Die Keramikschule bekannter machen

MdL Radlmeier im Gespräch mit der neuen Leiterin

13.11.2019 | Landshut.
Landtagsabgeordneter Helmut Radlmeier gratulierte der promovierten Ingenieurin Veronika Märkl zu ihrer neuen Stelle als Leiterin der Keramikschule.
Landtagsabgeordneter Helmut Radlmeier gratulierte der promovierten Ingenieurin Veronika Märkl zu ihrer neuen Stelle als Leiterin der Keramikschule.

Ob aus Fernost oder Europa: Die Keramikschule Landshut ist international berühmt. Doch in der Heimat ist die Schule am Marienplatz eher weniger bekannt. Wie man das ändern könnte, besprachen Landtagsabgeordneter Helmut Radlmeier (CSU) mit der neuen Leiterin der Schule, Dr.-Ing. Veronika Märkl.

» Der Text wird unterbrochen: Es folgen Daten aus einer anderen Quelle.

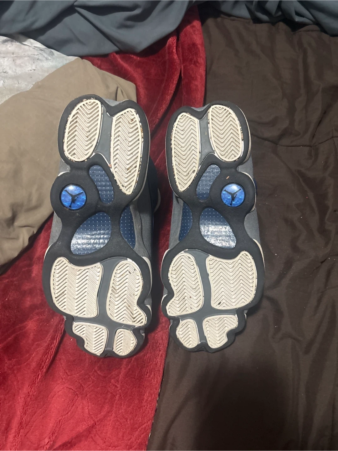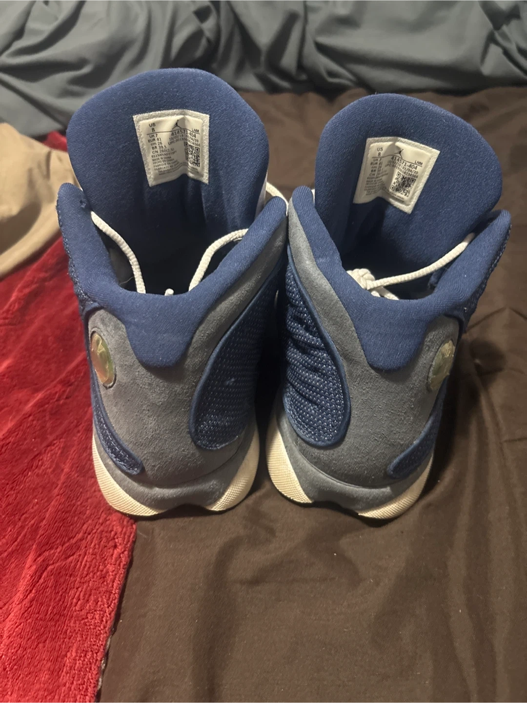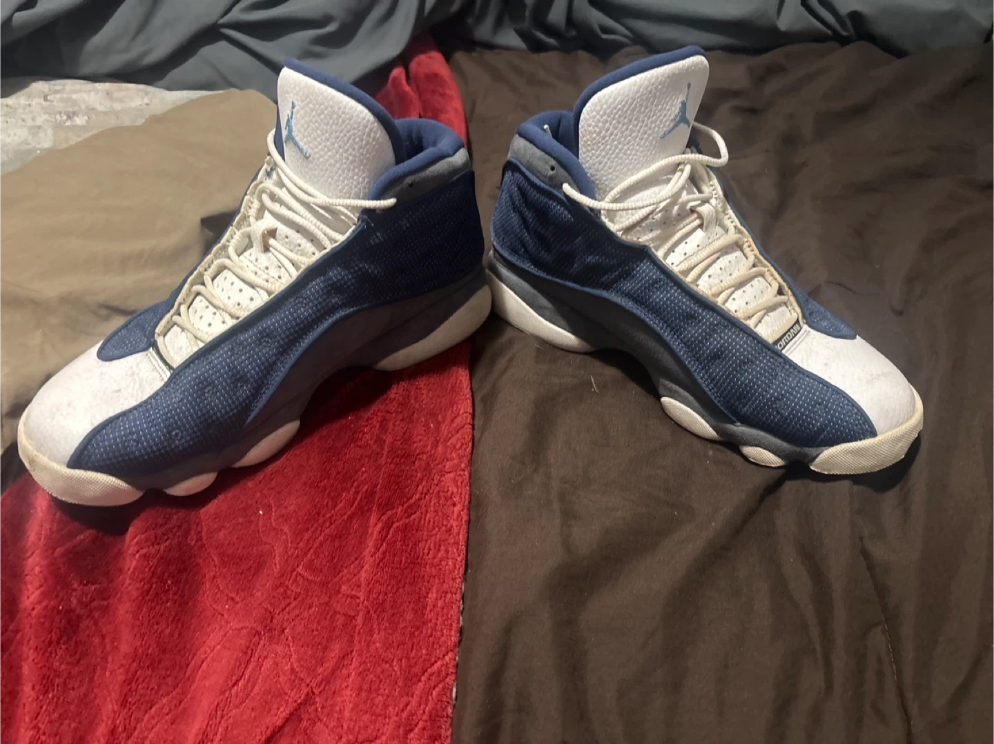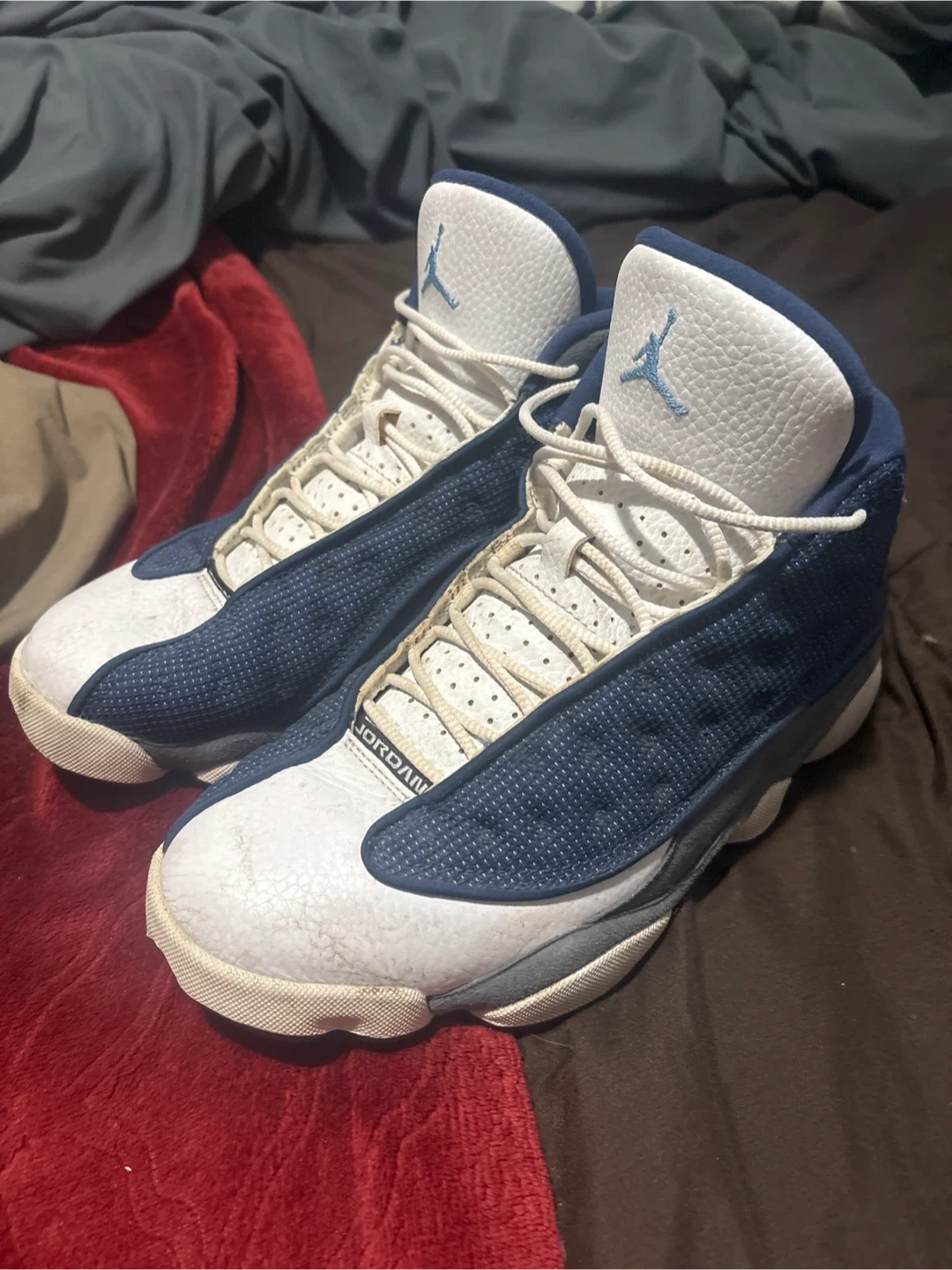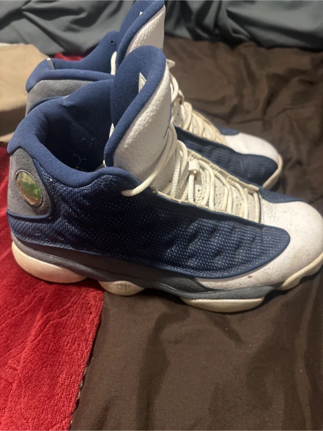 Selling a pair of Jordan XIII sneakers in navy and white. They show some signs of wear but still have lots of life left in them. Great for casual wear or hitting the court!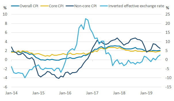 Download this image Figure 4: Non-core CPI follows trends in the exchange rate more closely than core CPI

Die Keramikerin und promovierte Ingenieurin Veronika Märkl hat Mitte August die Leitung der Keramikschule von Annette Ody übernommen. Ody nannte sie eine Wunschkandidatin für diese Stelle. Veronika Märkl hat sich seitdem gut eingelebt, wie sie dem Landshuter Stimmkreisabgeordneten schilderte. Das ist auch nicht verwunderlich, war sie doch früher selbst Schülerin der Keramikschule. Man merkte dann schnell, dass Veronika Märkl eine Macherin ist. Sie ist eine, die etwas bewegen will.

Neue Projekte an Land gezogen

So konnte Märkl bereits berichten, dass die Keramikschule Landshut vom 5. bis 17. März 2020 bei der Munich Creative Business Week als Regionalpartner mit dabei ist. Die Munich Creative Business Week ist Deutschlands größte Design-Woche und dient für designaffine Unternehmen, Gestalter und Designagenturen als Plattform. Dank der prominenten Stellung als Regionalpartner wolle man die Keramikstadt Landshut in den Fokus rücken, erläuterte Märkl. Doch damit nicht genug: Aktuell bewerbe sich die Keramikschule um den Zuschlag für das Internationale Keramiksymposium im Jahr 2021 oder auch 2023, verriet Märkl.

Der Landshuter Landtagsabgeordnete Helmut Radlmeier, der im Kunstausschuss des Bayerischen Landtags mitarbeitet, zollte Märkl hierfür seinen Respekt. Die Stelle der Schulleitung sei optimal besetzt worden. Die frischen Ideen würden der Marke Keramikstadt Landshut gut tun. Das sei auch notwendig, war man sich einig. „Die Keramikschule ist in Landshut noch nicht bekannt genug“, fand Radlmeier.

Wie könnte man die Bekanntheit steigern?

Doch wie könnte man den Bekanntheitsgrad dieser hervorragenden Schule noch weiter steigern? Darüber diskutierten Schulleiterin und Abgeordneter. Generell stehe die Schule, aber auch die Keramik selbst in Landshut etwas im Abseits, meinte Radlmeier. Ein erster Schritt, das zu ändern, wäre etwa die Teilnahme der Keramikschule auf dem Haferlmarkt in der Freyung, um sich dort zu präsentieren. Ziel müsse es sein, die Marke Keramikstadt zu stärken und dafür auch in der Innenstadt präsent zu sein, waren Märkl und Radlmeier einer Meinung.

Veronika Märkl ist in Landshut geboren und aufgewachsen. Sie legte ihr Abitur am Gymnasium Seligenthal ab. Danach besuchte sie die Staatliche Berufsfachschule für Keramik Landshut. Sie studierte anschließend Keramik, Glas- und Baustofftechnik an der TU Bergakademie Freiberg. Veronika Märkl promovierte anschließend an der Technischen Universität Berlin. Sie war Stellvertretende Betriebsleiterin der Porzellanfabriken Christian Seltmann und Produktmanagerin beim Baustoff-Hersteller Cemex.